I am wondering if it is worth towing my 14' V-hull aluminum boat to the OBX. I will be staying in Avon with the family on a canal, so water access is no problem. I usually just surf fish but staying on a canal has got me thinking. 

I don't really want to test my boat or my boating skills in a 14fter, so I intend to stay in the sound and avoid potentially hazardous inlets. I am looking for some easy fishing for my myself and my 5yr old, the equivalent to fishing on a lake. 

Thanks in advance for the info.


----------



## jonathangaul (May 6, 2009)

I was in the OBX last June, stayed in KittyHawk, and had a blast! As for the fishing, we rented a pontoon boat for like $300 for the day to fish the sound. Awesome time but so shallow, the only action we had was dodging the wakes from million dollar yachts, and seeing a pod of bottlenose dolphin. As for the ocean, talked to some locals who said the OBX Inlet is one of the most dangerous on the E. Coast, certainly too dangerous for a 14' boat. I would leave the boat home. There are plenty of piers to fish from that only charge around $5, as well as tons of charters, begging you to go out. Hope this helps, have fun!


----------



## SnapperHunter26 (Apr 28, 2009)

Yes, OBX is one of the most dangerous, I've heard quite a few horor stories about that inlet.

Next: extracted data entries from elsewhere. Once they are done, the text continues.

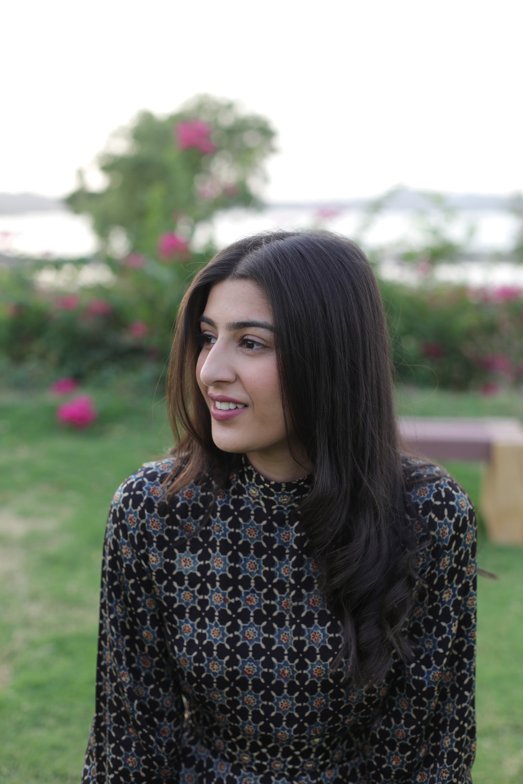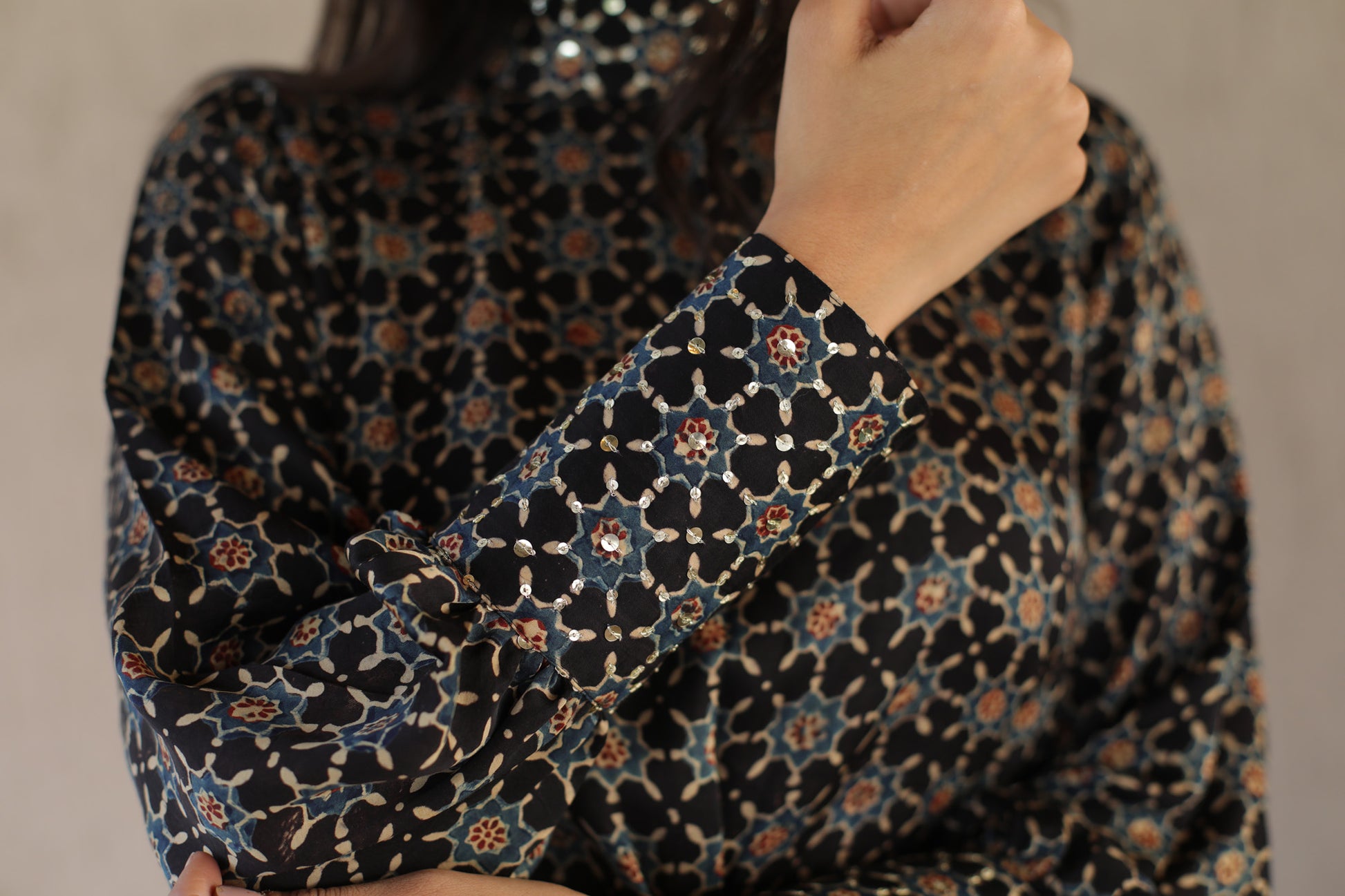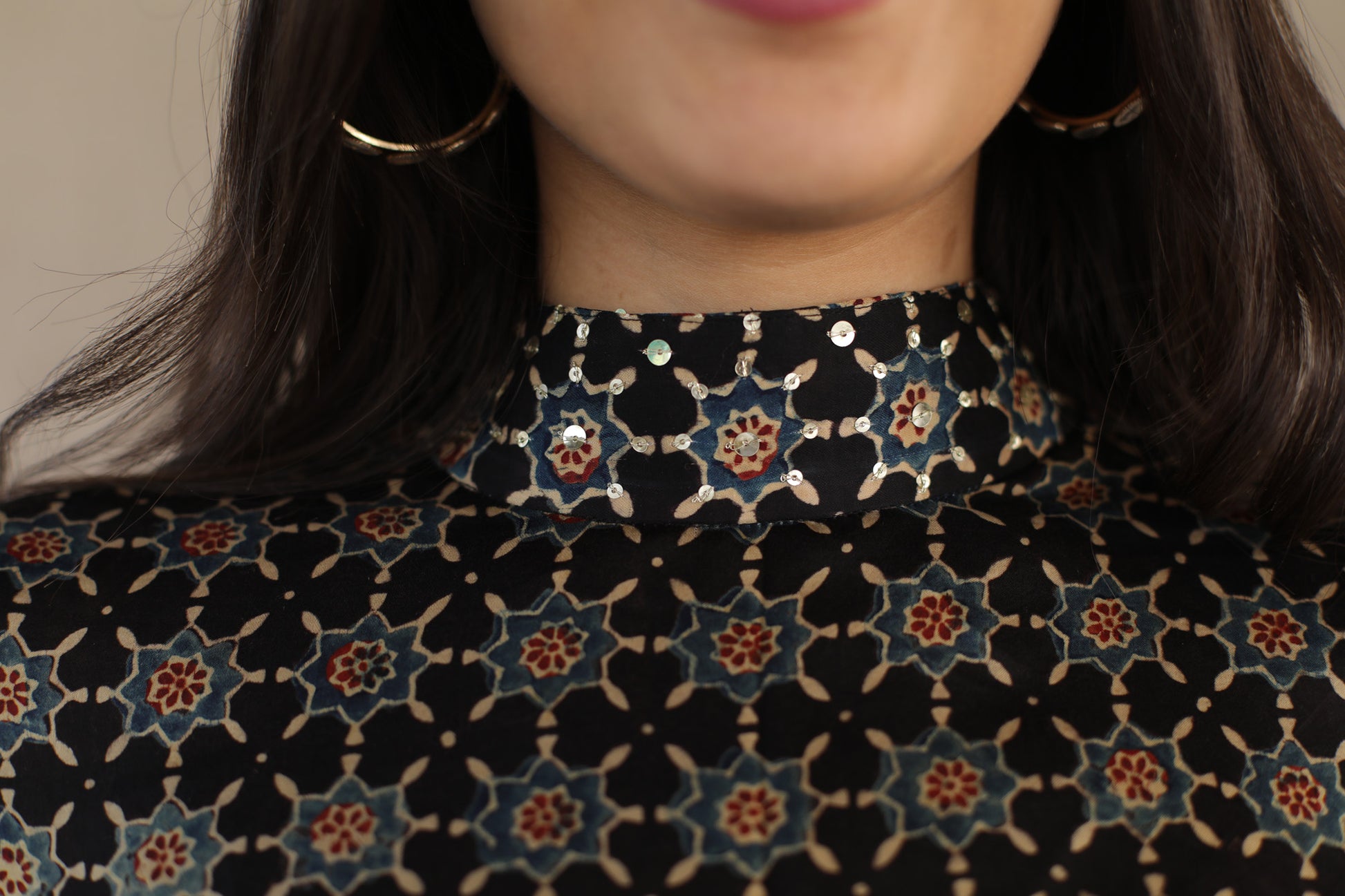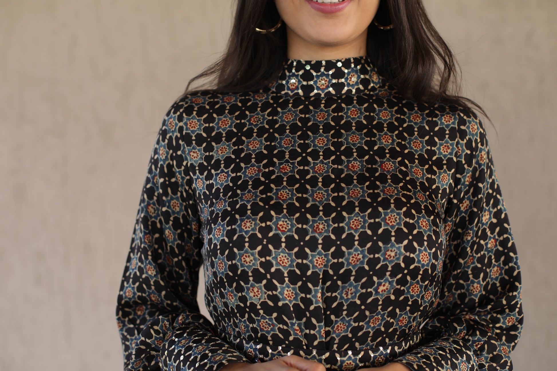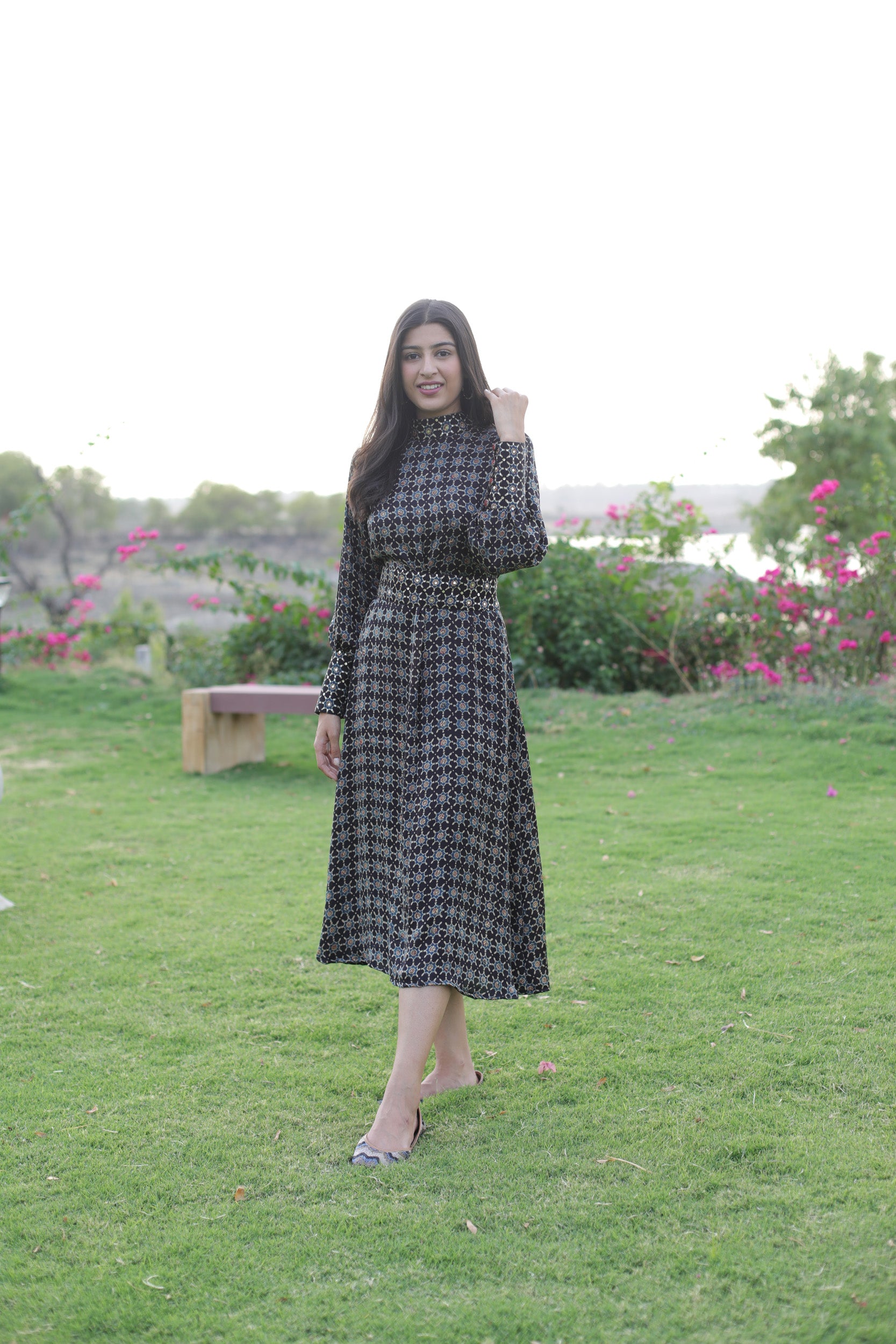 This elegant black dress features a high neck and cuffs adorned with intricate sequins, enhancing its sophisticated appeal. Crafted from soft modal silk, it showcases a striking star print inspired by traditional Ajrakh patterns. The embellished belt cinches the waist, adding definition and a refined finishing touch. Perfect for formal occasions, this dress combines artisanal craftsmanship with contemporary style for a standout look.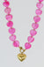 • This charming heart necklace features soft pink heart beads paired with a textured gold heart charm for the perfect blend of playful and chic.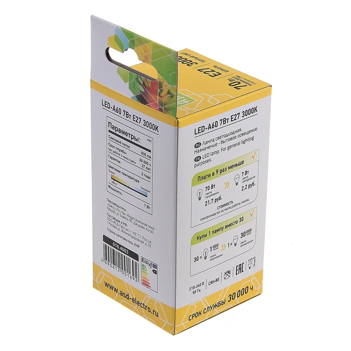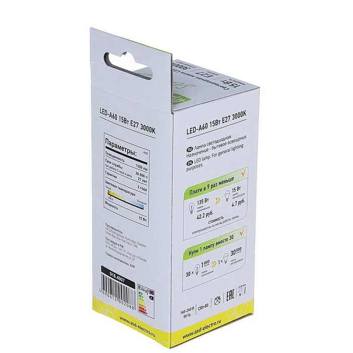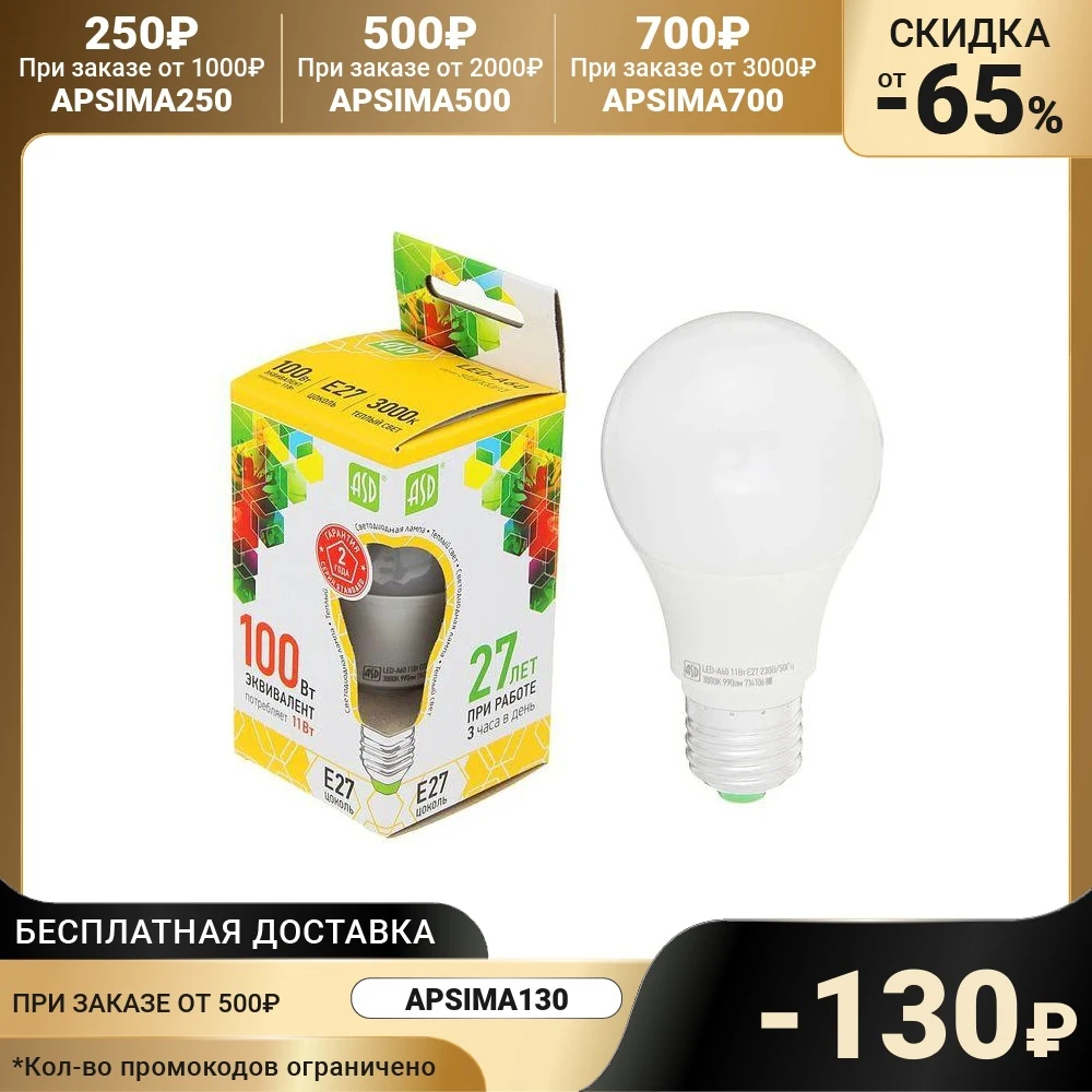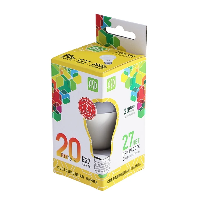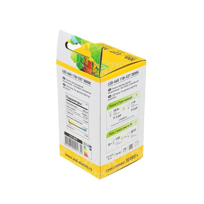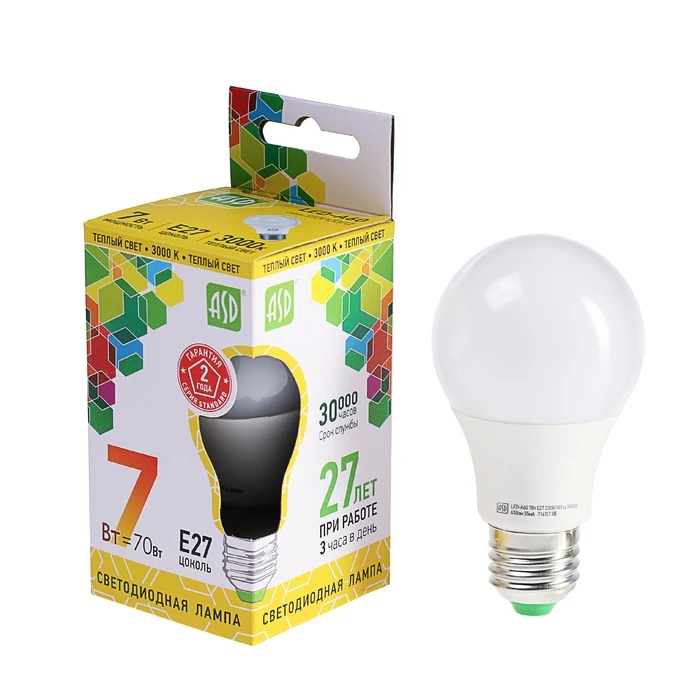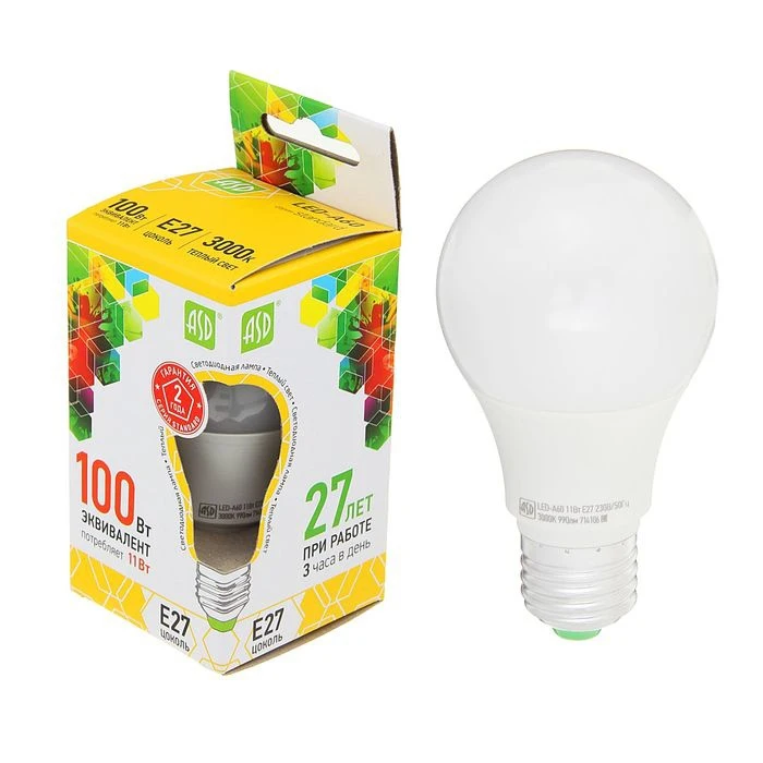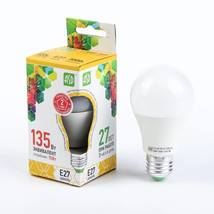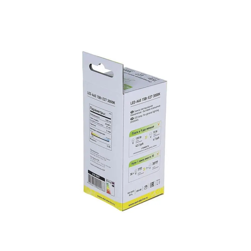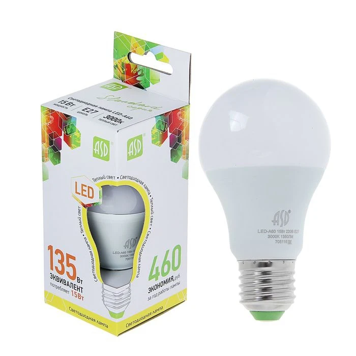 Лампа светодиодная ASD LED-A60-standard, Е27, 230 В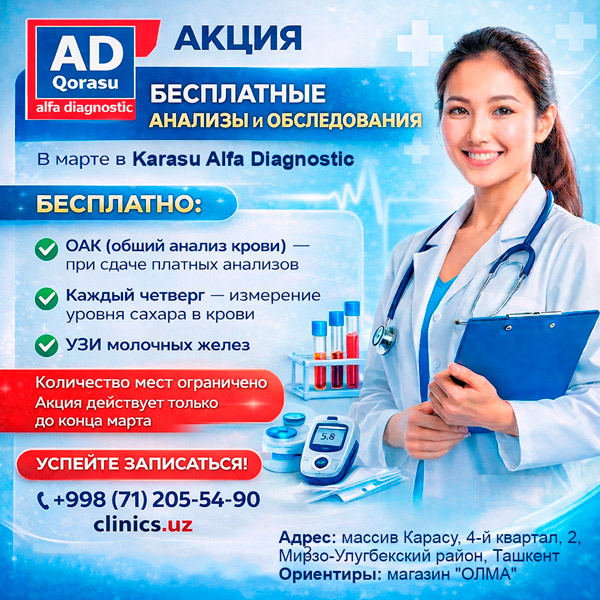 АКЦИЯ В Karasu Alfa Diagnostic БЕСПЛАТНЫЕ АНАЛИЗЫ И ОБСЛЕДОВАНИЯ В МАРТЕ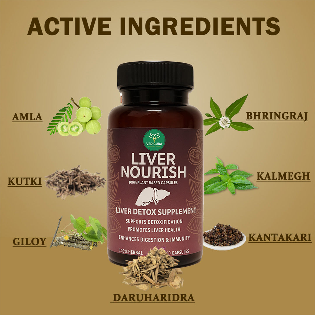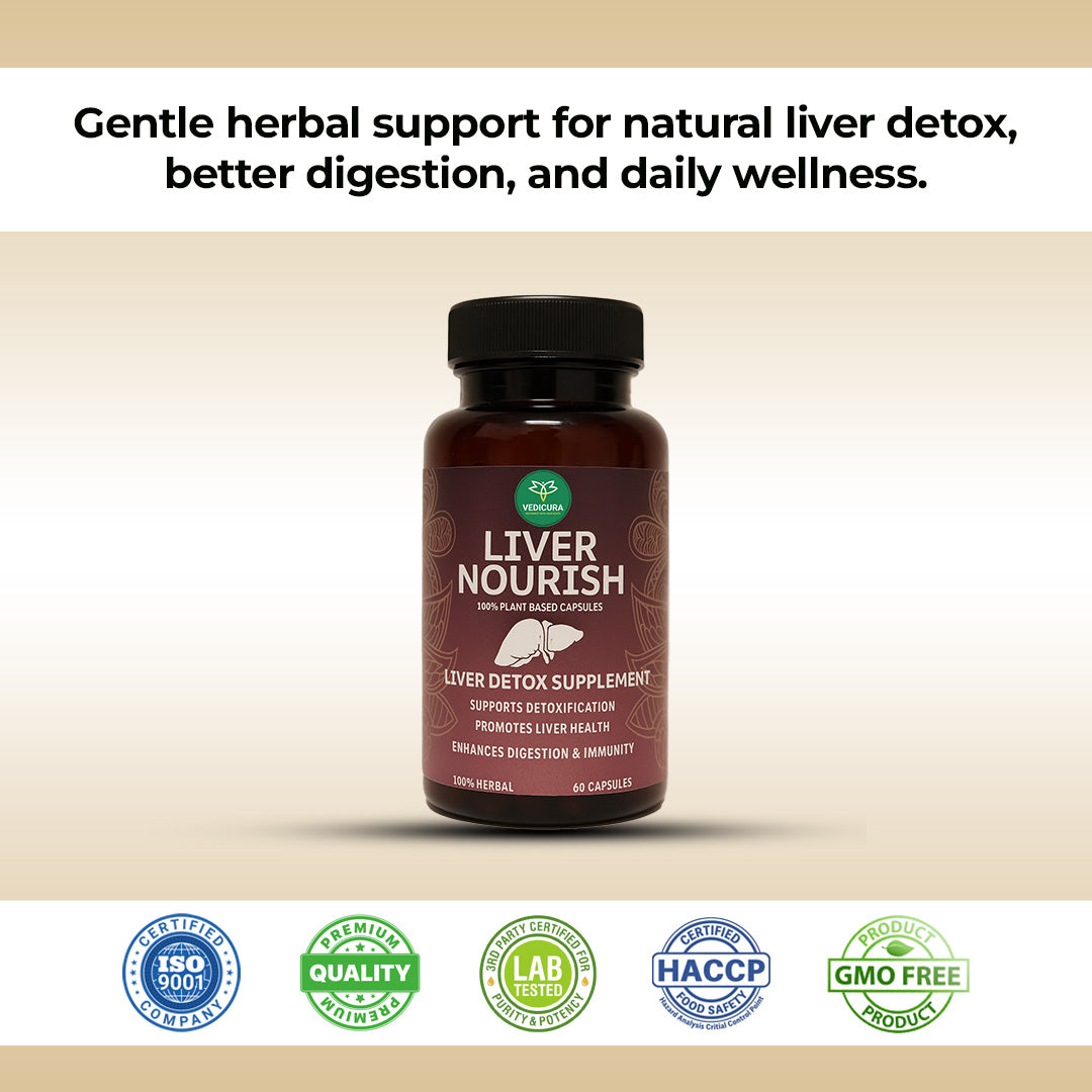 Discover the key benefits of Liver Nourish, including how it supports liver detoxification, improved digestion, and enhanced overall vitality. Our experts will explain the science behind its Ayurvedic formula and how it promotes liver health, boosts metabolism, and supports energy levels, helping you achieve optimal wellness and fitness goals.

I've been boating since I was 5 years old with my dad, and I wouldn't take a 26ft boat out of there, muchless a 14ft!


----------



## bruceinva (Feb 28, 2008)

*obx small boat opportunities or maybe kayaking*

I dragged a 19" boat out a couple of years ago and it was no fun trying to stay in the narrow channels and explore the sound at the same time. 

I will probably leave it a home.

Maybe I will post a thread to hook up with some people kayaking the sound instead.


----------



## gordy (Aug 20, 2004)

Stop through on your way Bruce...Drum fishing is on!!!


----------